I don't have seven LiveJournal friends, and it's been nearly 6 months since I last posted here, but how can I resist the sultry charms of pearbean?

So, seven quirks about myself. Time for some embarrassment!

i) I have to keep my hands constantly occupied, otherwise I revert to two year-old behaviour and suck my fingers (index and middle finger of left hand). I have been known to do this at work, although so far without detection.

ii) Wooden cooking implements disgust me. I literally shiver with horror when I touch them (although this does soon pass).

iii) Likewise corkboard. Corks in wine bottles are fine, but the backs of heatmats...eeeee...

iv) When people say "Oh dear", I automatically launch into the following in my head:

Oh dear, what can the matter be
Two old ladies stuck in the lavatory
They were there from Monday 'til Saturday
Nobody knew they were there.

Sometimes I do this out loud.

v) I am so ticklish that I can be tickled without contact. Fingers moving in a tickling fashion within a two metre radius send me into paroxysms of shrieking laughing and cringing. If you try this on me I may kill you afterwards.
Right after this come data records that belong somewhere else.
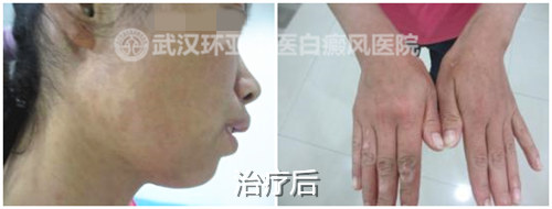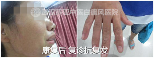 患者案例:患者面部、双手白斑一个多月,在当地医院按照过敏性皮炎来治疗,导致白斑扩散,来我院检查,确诊为白癜风。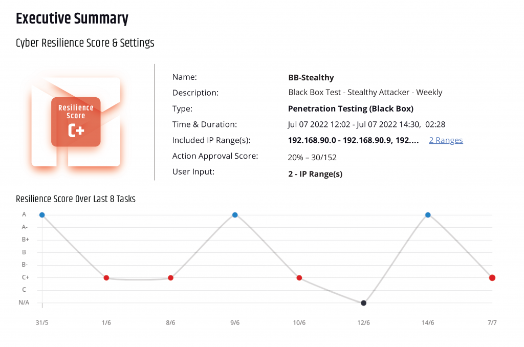 攻撃結果から得られた問題点をスコア付けされてリストアップされます。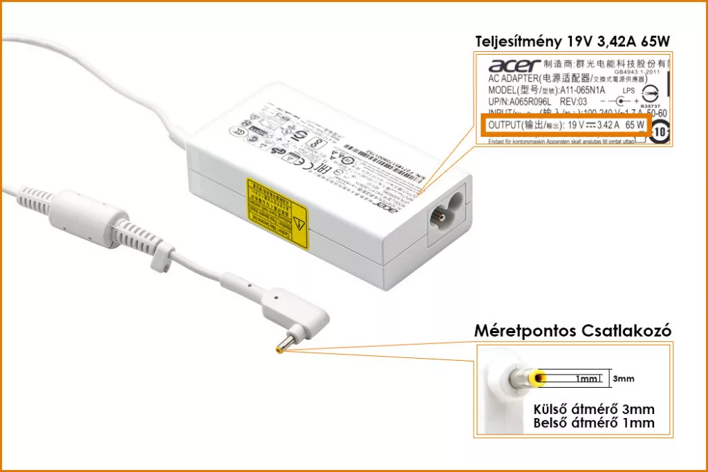 Acer Aspire UltraBook, Iconia Tab 19V 3.42A 65W 3mm/1mm fehér töltő, ADT11.00Q, KP.06503.009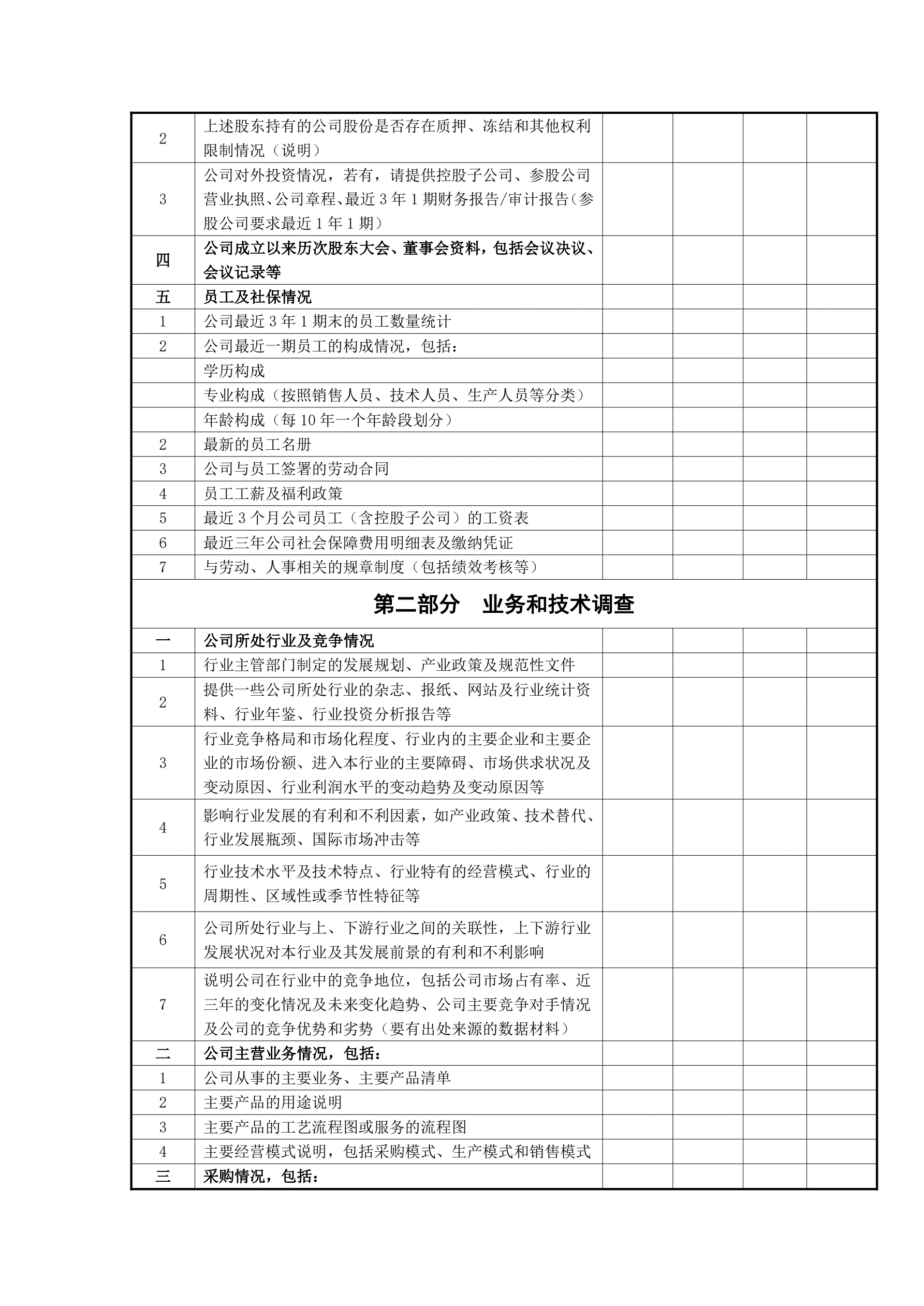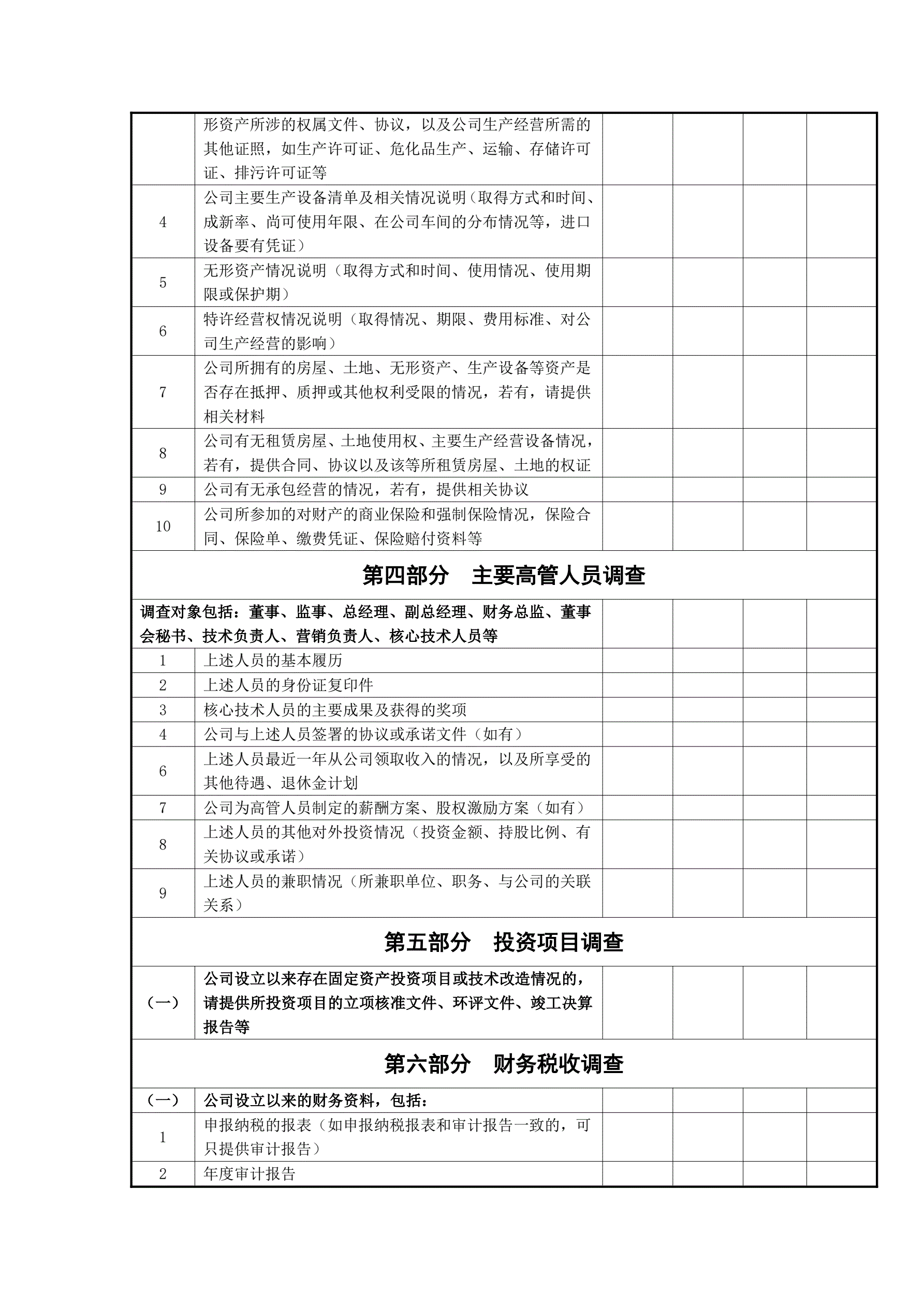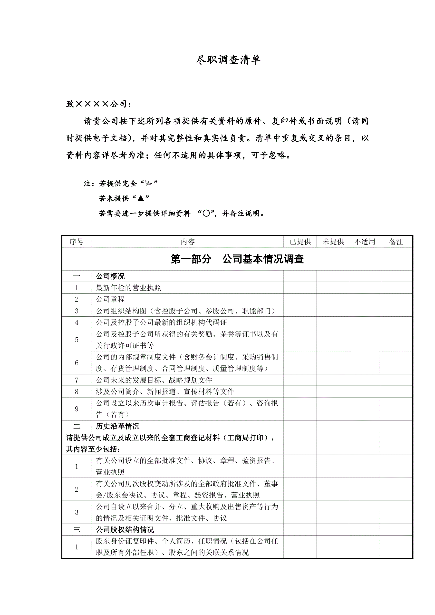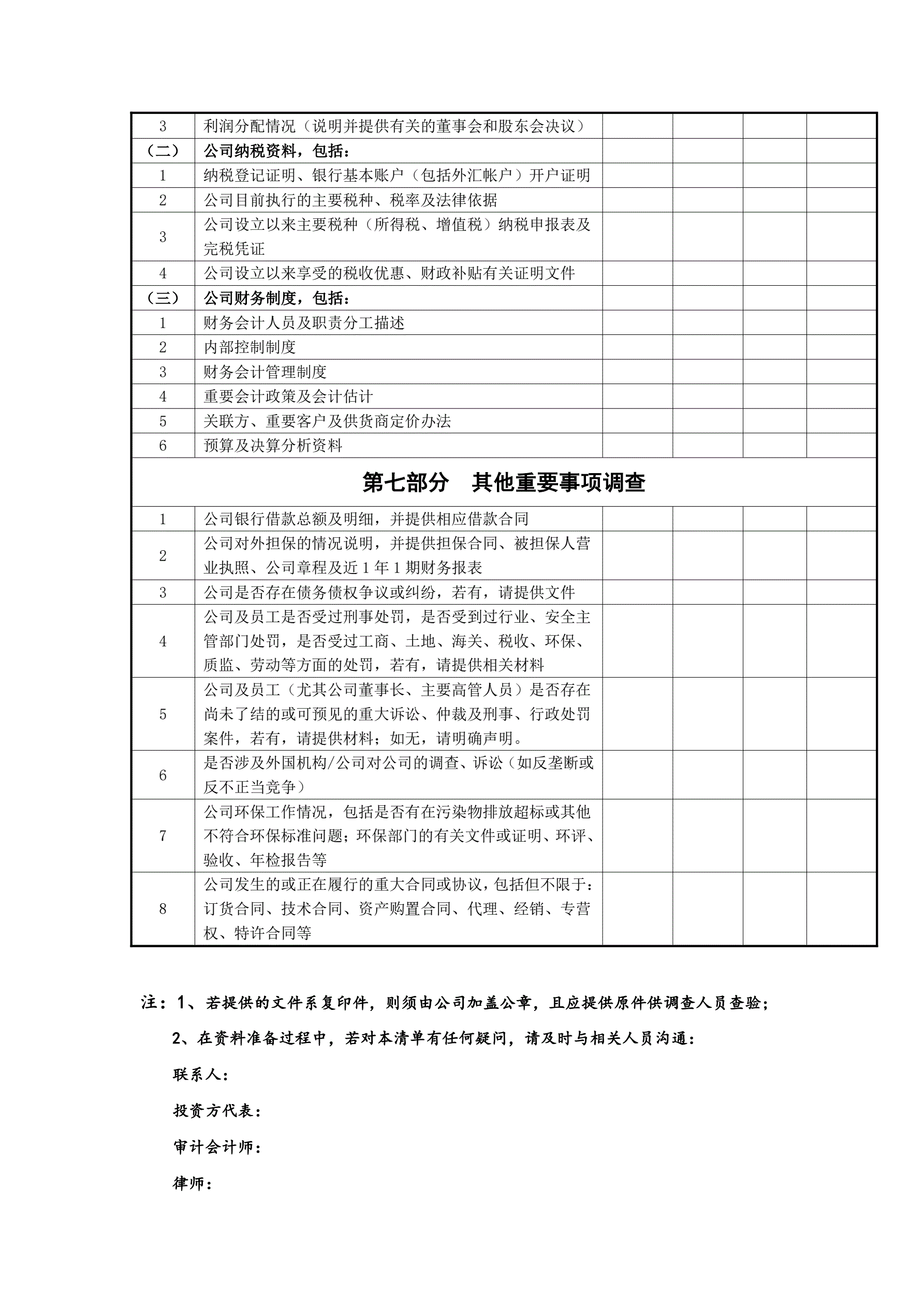 尽职调查清单
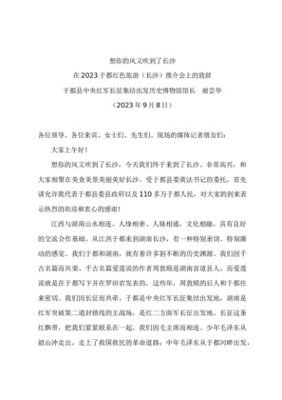 / 领导讲话:20230809在2023于都红色旅游(长沙)推介会上的致辞——博物馆馆长 谢芸华

vi) I cannot pronounce the word "bald" properly. I know it should be pronounced "balled" as in "his fist was balled", but I pronounce it like..."bolled". "bold" is "bowled" to me, and they sound different in my head, but apparently to normal English speakers I cannot speak properly.

vii) I have the mental attitude of an overly polite 12 year old. When I swear, I don't pronounce the vowel sounds; I can't say the word "sexual" without giggling, and have to say it with a lisp instead; and so on.

Well, that was embarrassing.

In other news, I have been promoterated. I sat in a meeting about production accounts and almost understood it, and didn't seem to make a complete fool of myself in one day - tomorrow, however, I am being required to make "a report". What this report entails I do not know, but I fear it will be frightening and unknown.

Good thing I've got HobNobs in my desk drawer, then. A man is never lost with a chocolate biscuit and a cup of tea at his side.